- Opening Delimiter -

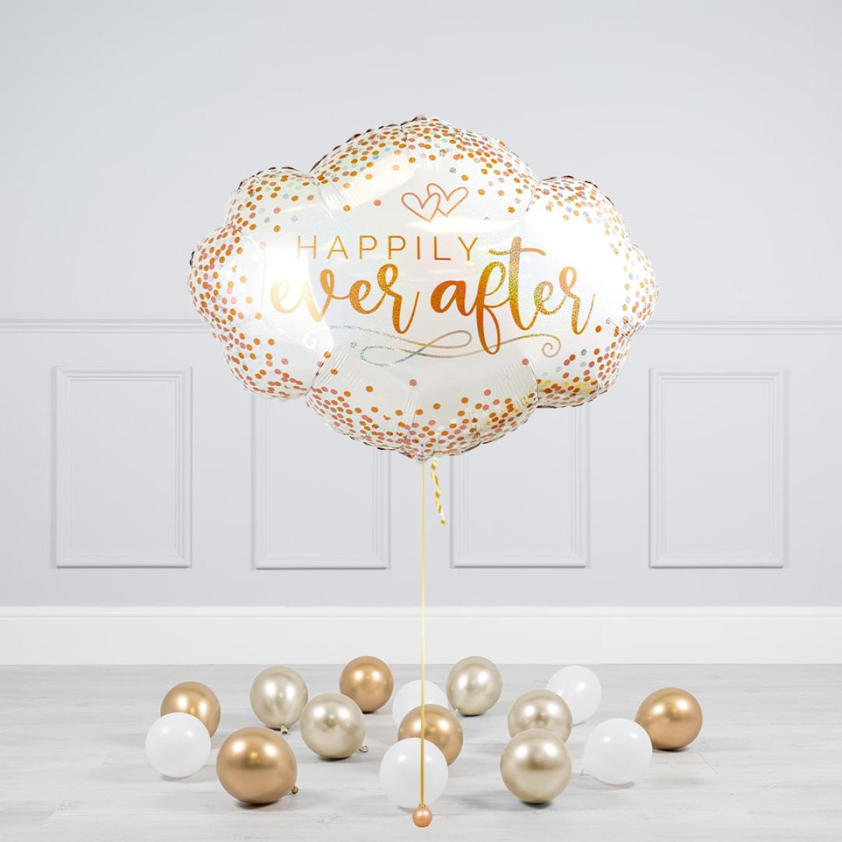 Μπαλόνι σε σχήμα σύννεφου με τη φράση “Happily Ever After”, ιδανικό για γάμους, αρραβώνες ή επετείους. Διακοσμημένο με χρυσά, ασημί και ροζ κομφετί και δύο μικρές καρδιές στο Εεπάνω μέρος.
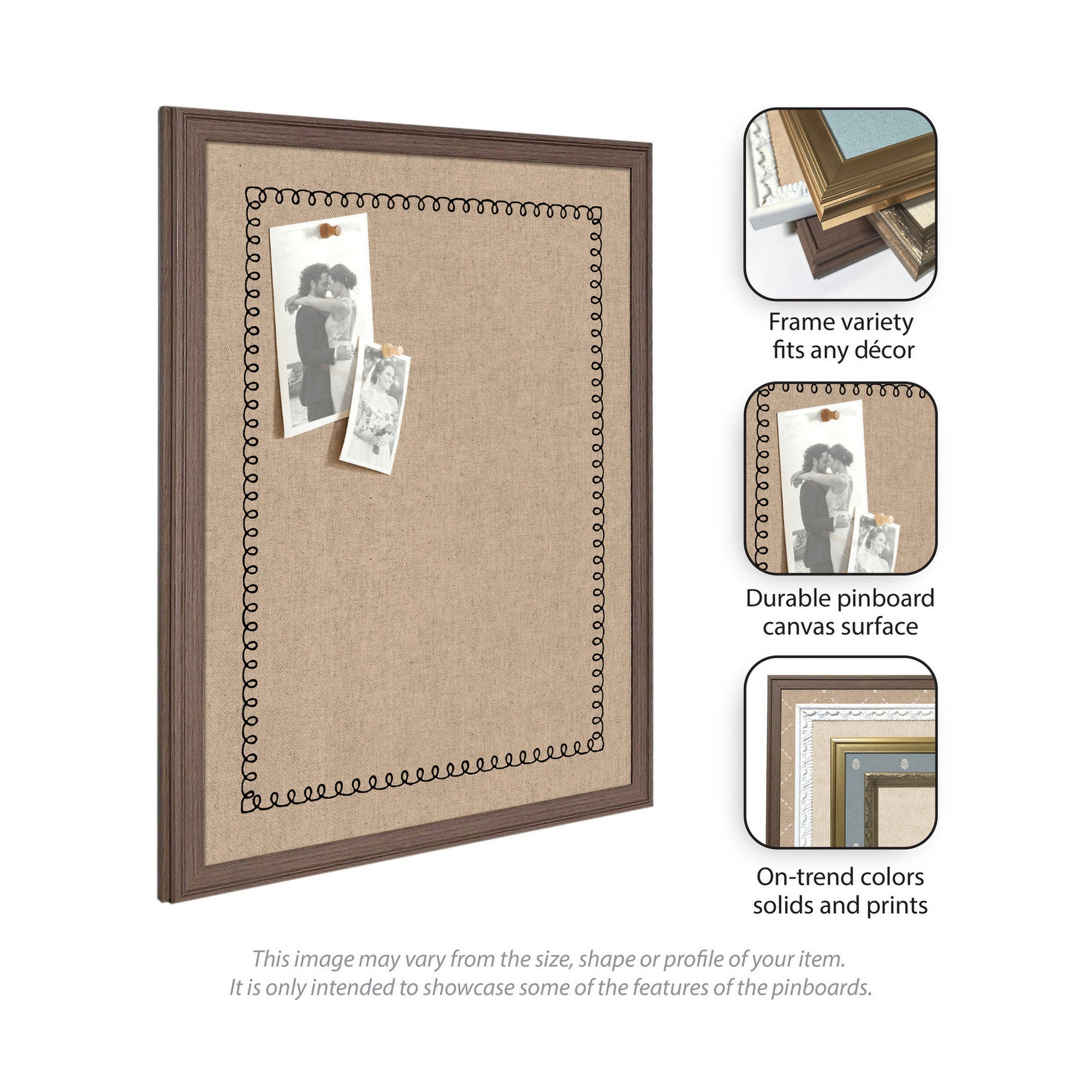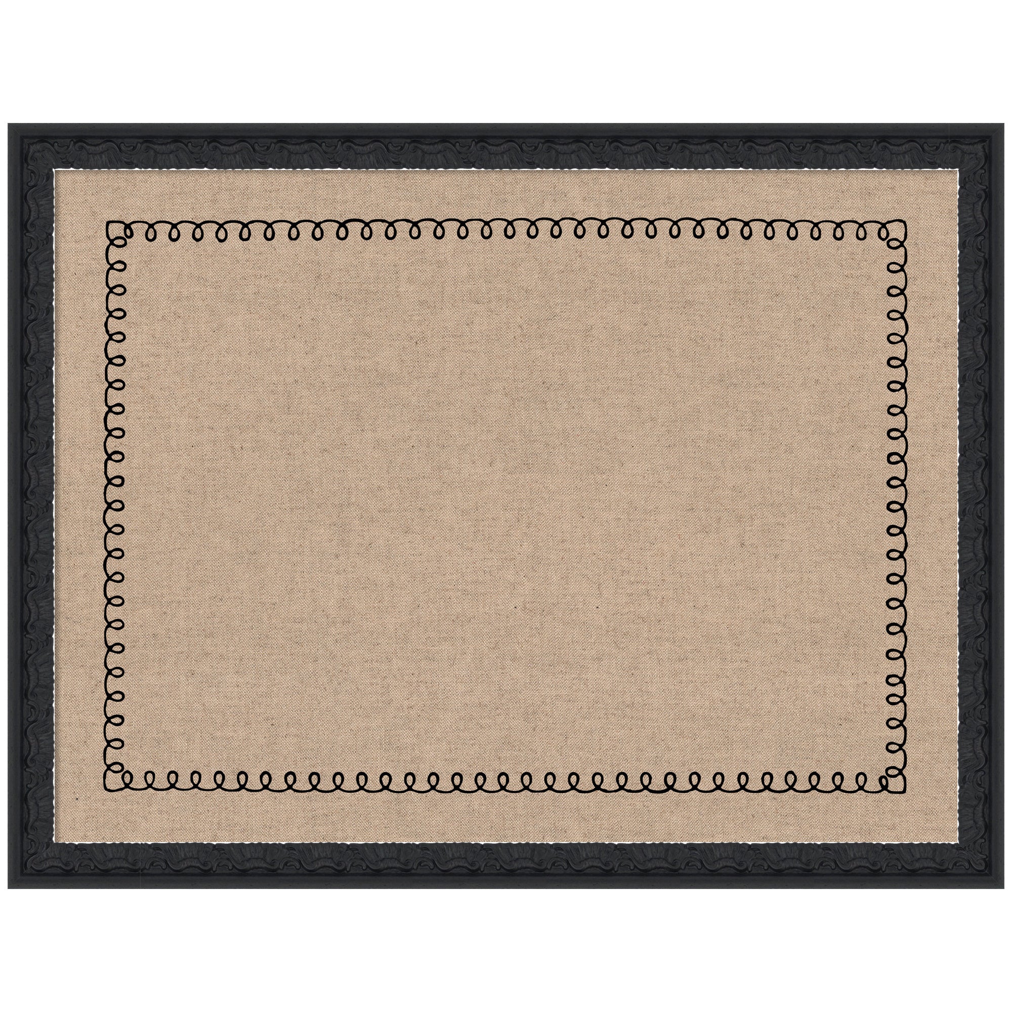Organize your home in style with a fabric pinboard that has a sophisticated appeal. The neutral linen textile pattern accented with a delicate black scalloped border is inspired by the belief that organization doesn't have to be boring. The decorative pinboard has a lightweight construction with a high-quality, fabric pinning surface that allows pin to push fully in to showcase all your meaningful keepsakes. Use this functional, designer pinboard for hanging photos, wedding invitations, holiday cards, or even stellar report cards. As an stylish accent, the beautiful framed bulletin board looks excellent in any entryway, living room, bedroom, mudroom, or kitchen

- Closing Delimiter -
- Opening Delimiter -

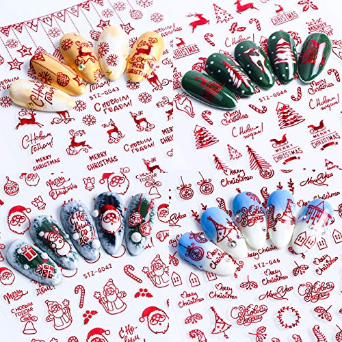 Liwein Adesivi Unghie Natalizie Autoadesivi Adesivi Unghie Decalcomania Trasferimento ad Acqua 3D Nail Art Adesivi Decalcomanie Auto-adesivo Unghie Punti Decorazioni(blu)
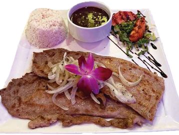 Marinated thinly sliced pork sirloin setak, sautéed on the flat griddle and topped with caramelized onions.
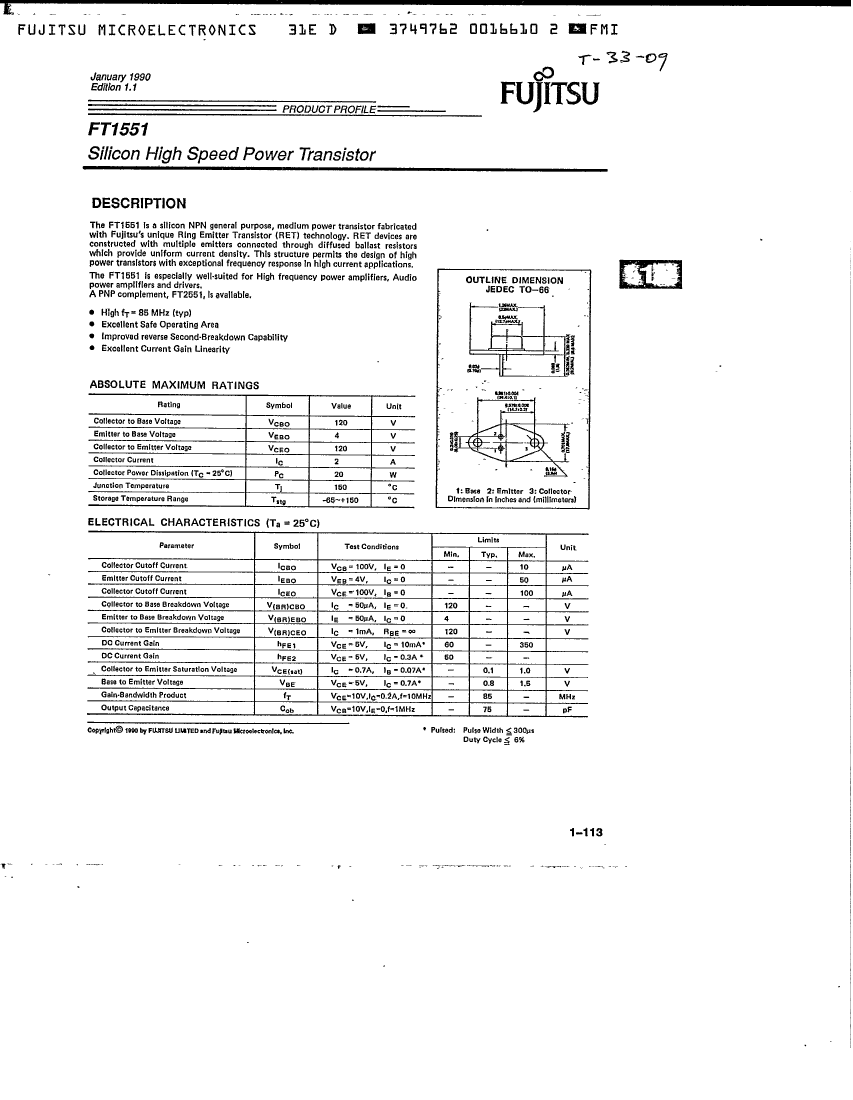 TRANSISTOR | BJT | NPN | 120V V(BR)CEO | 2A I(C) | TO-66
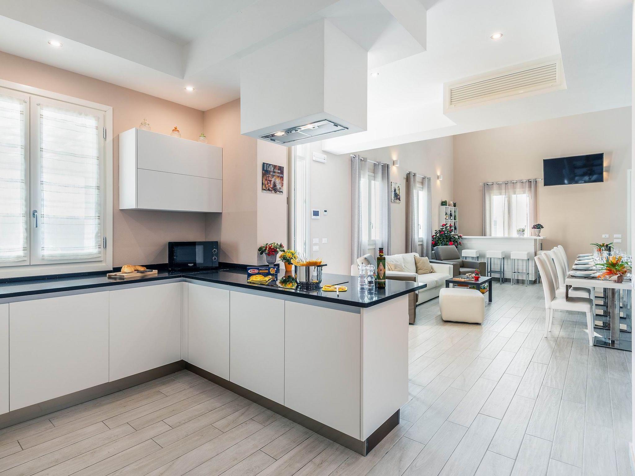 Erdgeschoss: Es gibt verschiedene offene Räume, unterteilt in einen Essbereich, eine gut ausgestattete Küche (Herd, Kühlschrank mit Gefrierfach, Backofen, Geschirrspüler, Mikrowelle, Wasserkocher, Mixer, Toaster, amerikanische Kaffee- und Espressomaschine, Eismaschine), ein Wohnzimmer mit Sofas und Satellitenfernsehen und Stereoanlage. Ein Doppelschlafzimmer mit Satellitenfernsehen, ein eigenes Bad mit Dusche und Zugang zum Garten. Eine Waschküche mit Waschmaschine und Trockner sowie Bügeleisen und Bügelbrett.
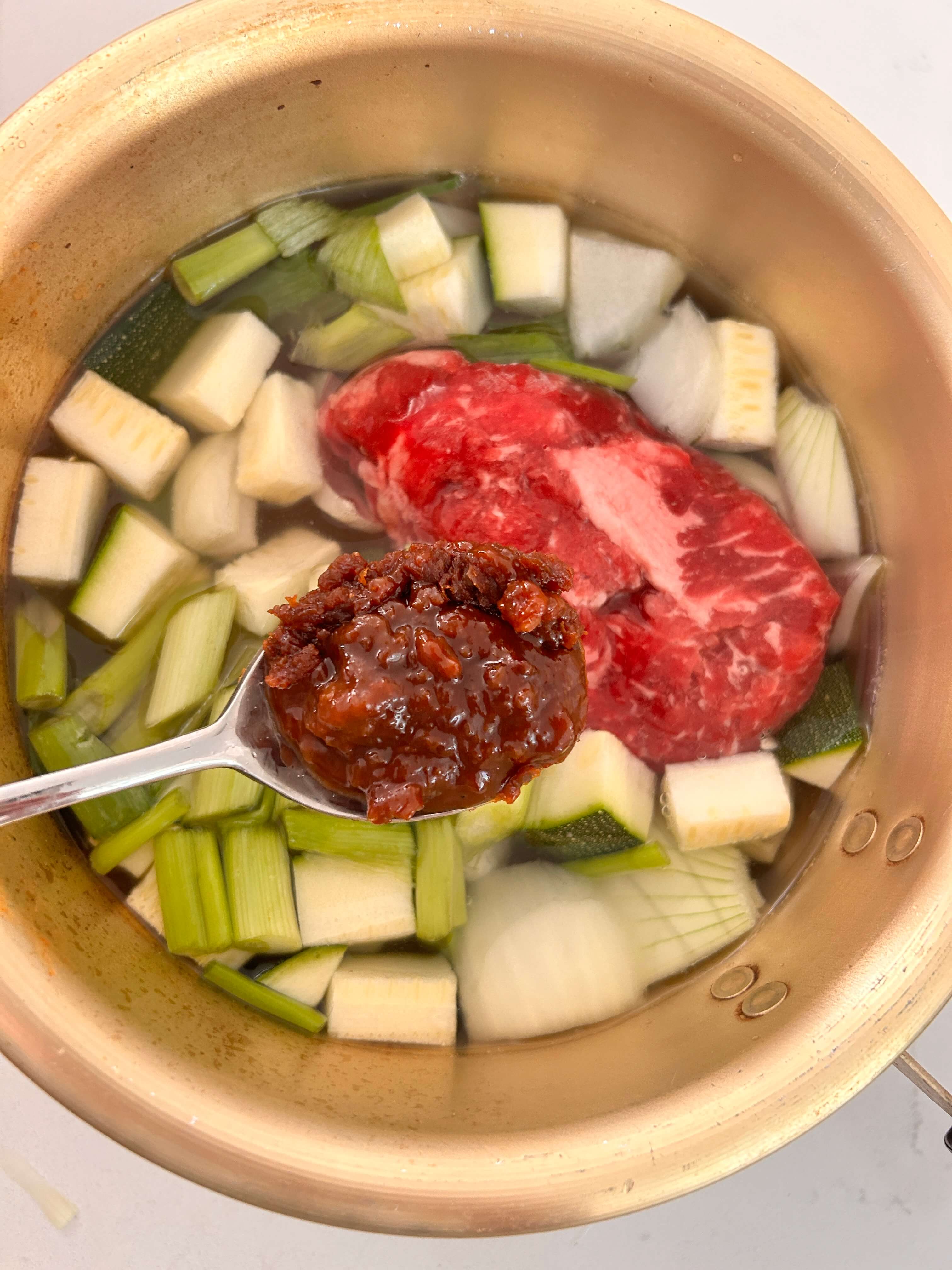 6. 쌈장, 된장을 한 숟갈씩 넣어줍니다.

- Closing Delimiter -
- Opening Delimiter -

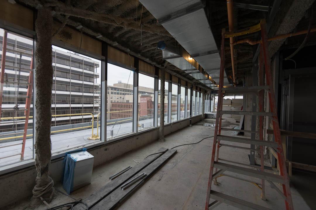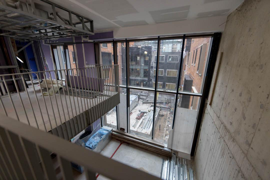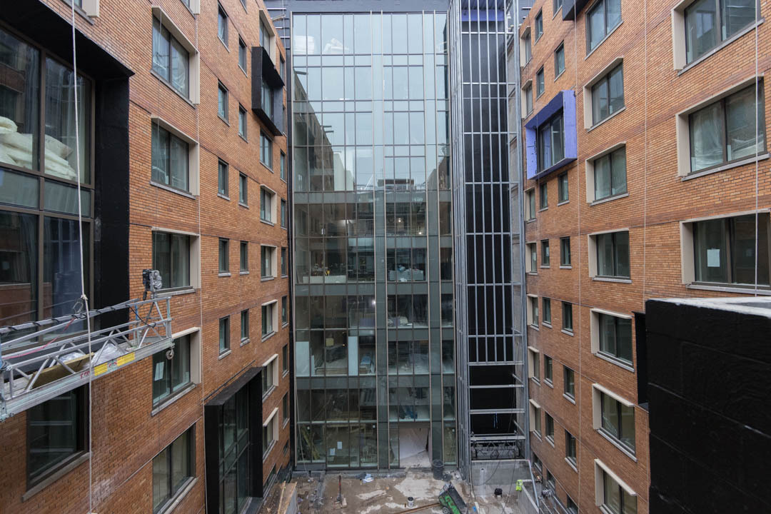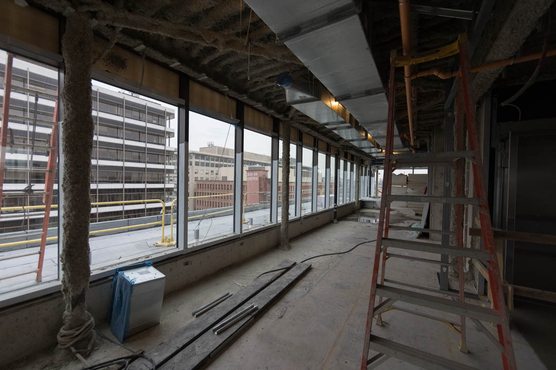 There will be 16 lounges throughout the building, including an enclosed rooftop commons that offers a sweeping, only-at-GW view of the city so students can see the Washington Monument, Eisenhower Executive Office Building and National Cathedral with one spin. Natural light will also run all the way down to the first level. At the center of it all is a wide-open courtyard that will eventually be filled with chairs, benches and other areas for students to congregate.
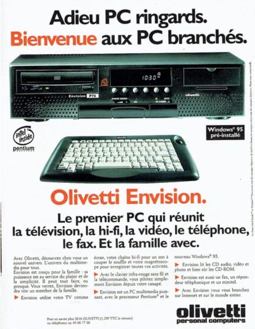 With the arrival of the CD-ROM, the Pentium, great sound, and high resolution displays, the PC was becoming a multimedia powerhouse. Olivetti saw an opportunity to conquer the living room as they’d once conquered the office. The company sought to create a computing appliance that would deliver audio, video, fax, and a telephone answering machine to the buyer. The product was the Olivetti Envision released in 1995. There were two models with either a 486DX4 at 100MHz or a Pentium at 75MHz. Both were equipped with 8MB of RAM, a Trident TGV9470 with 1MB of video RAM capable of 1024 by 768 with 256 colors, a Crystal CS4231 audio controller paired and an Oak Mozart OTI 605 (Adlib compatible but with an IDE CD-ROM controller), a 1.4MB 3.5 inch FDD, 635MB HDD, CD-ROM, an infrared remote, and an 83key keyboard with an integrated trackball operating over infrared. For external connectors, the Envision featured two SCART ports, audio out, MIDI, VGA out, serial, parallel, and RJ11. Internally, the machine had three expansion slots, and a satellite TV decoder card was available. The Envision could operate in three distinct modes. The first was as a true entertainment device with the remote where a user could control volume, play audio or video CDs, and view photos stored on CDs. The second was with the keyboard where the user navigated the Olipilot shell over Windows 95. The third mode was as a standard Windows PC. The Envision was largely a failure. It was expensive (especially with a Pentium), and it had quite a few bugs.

- Closing Delimiter -

■ **WHAT THE TASK REQUIRES**
All that should be printed is the run of lines above from the one with "Μπαλόνι σε σχήμα" through the one with "Organize your home", both included, exactly as given, with pictures left out.

■ **ANSWER TO THIS EXERCISE**
 Μπαλόνι σε σχήμα σύννεφου με τη φράση “Happily Ever After”, ιδανικό για γάμους, αρραβώνες ή επετείους. Διακοσμημένο με χρυσά, ασημί και ροζ κομφετί και δύο μικρές καρδιές στο Εεπάνω μέρος.
Organize your home in style with a fabric pinboard that has a sophisticated appeal. The neutral linen textile pattern accented with a delicate black scalloped border is inspired by the belief that organization doesn't have to be boring. The decorative pinboard has a lightweight construction with a high-quality, fabric pinning surface that allows pin to push fully in to showcase all your meaningful keepsakes. Use this functional, designer pinboard for hanging photos, wedding invitations, holiday cards, or even stellar report cards. As an stylish accent, the beautiful framed bulletin board looks excellent in any entryway, living room, bedroom, mudroom, or kitchen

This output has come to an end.